[[ Material provided open ]]
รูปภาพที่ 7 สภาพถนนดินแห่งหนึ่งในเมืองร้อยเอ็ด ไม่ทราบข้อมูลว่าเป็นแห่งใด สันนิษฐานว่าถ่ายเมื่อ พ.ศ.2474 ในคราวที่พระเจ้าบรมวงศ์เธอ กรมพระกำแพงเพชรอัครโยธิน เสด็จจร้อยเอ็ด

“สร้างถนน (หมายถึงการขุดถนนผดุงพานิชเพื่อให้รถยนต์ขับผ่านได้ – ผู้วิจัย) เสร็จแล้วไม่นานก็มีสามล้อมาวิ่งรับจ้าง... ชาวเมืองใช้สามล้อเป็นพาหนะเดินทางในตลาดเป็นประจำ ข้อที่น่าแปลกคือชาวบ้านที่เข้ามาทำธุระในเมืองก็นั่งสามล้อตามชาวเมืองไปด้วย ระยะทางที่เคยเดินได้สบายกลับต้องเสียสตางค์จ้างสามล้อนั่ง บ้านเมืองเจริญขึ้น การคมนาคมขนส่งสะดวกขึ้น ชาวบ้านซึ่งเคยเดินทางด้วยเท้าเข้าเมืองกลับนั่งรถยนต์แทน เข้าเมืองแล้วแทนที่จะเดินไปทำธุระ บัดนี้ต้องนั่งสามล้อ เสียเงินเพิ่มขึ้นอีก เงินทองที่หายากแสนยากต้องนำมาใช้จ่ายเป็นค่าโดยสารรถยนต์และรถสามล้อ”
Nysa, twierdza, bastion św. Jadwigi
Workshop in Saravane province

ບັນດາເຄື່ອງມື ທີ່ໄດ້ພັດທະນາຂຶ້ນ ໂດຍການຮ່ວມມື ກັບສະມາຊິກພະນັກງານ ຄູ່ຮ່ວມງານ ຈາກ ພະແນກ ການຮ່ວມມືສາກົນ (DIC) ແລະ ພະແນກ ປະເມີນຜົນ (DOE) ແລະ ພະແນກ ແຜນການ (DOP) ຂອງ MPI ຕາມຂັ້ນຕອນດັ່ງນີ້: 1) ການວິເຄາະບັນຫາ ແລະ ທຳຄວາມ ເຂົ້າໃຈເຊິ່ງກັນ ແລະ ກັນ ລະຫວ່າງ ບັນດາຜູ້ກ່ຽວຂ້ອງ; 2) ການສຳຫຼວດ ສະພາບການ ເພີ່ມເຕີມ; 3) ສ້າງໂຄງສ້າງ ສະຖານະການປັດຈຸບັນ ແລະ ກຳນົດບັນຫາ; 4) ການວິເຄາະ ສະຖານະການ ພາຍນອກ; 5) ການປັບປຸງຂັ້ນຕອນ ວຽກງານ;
[[ Material provided closed ]]
[[ Material provided open ]]
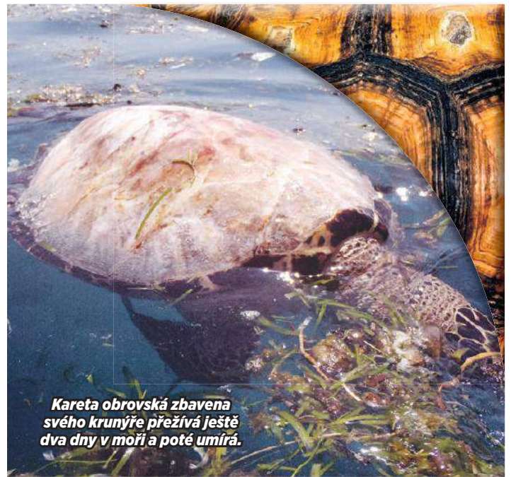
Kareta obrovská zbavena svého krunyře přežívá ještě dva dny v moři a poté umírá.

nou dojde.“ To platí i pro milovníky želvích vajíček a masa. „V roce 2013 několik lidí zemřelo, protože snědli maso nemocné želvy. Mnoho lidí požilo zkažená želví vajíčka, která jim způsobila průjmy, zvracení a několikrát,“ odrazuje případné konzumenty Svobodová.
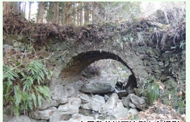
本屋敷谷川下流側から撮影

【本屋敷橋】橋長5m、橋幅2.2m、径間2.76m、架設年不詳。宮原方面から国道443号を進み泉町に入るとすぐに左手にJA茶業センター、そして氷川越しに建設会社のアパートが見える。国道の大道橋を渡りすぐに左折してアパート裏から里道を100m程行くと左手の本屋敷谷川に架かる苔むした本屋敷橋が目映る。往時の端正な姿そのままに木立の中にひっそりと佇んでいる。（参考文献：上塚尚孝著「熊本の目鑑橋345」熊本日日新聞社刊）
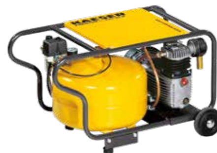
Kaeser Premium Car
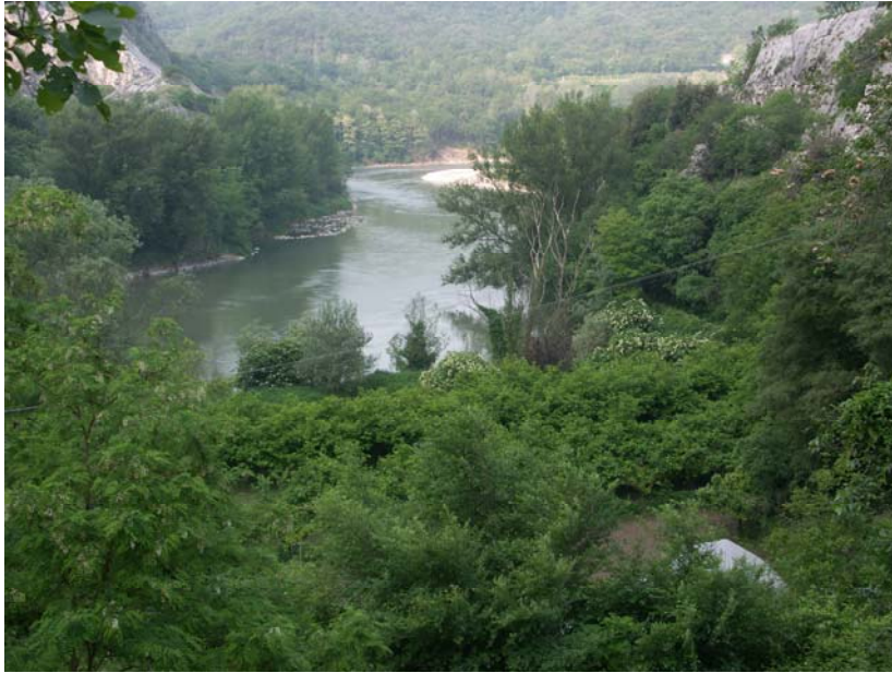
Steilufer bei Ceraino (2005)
[[ Material provided closed ]]
Work required.
From the records above, transcribe only the stretch from the line with "本屋敷谷川下流側から撮影" through the line with "Steilufer bei Ceraino (2005)", keeping both ends. Omit pictures.

Response.
本屋敷谷川下流側から撮影

【本屋敷橋】橋長5m、橋幅2.2m、径間2.76m、架設年不詳。宮原方面から国道443号を進み泉町に入るとすぐに左手にJA茶業センター、そして氷川越しに建設会社のアパートが見える。国道の大道橋を渡りすぐに左折してアパート裏から里道を100m程行くと左手の本屋敷谷川に架かる苔むした本屋敷橋が目映る。往時の端正な姿そのままに木立の中にひっそりと佇んでいる。（参考文献：上塚尚孝著「熊本の目鑑橋345」熊本日日新聞社刊）
Kaeser Premium Car
Steilufer bei Ceraino (2005)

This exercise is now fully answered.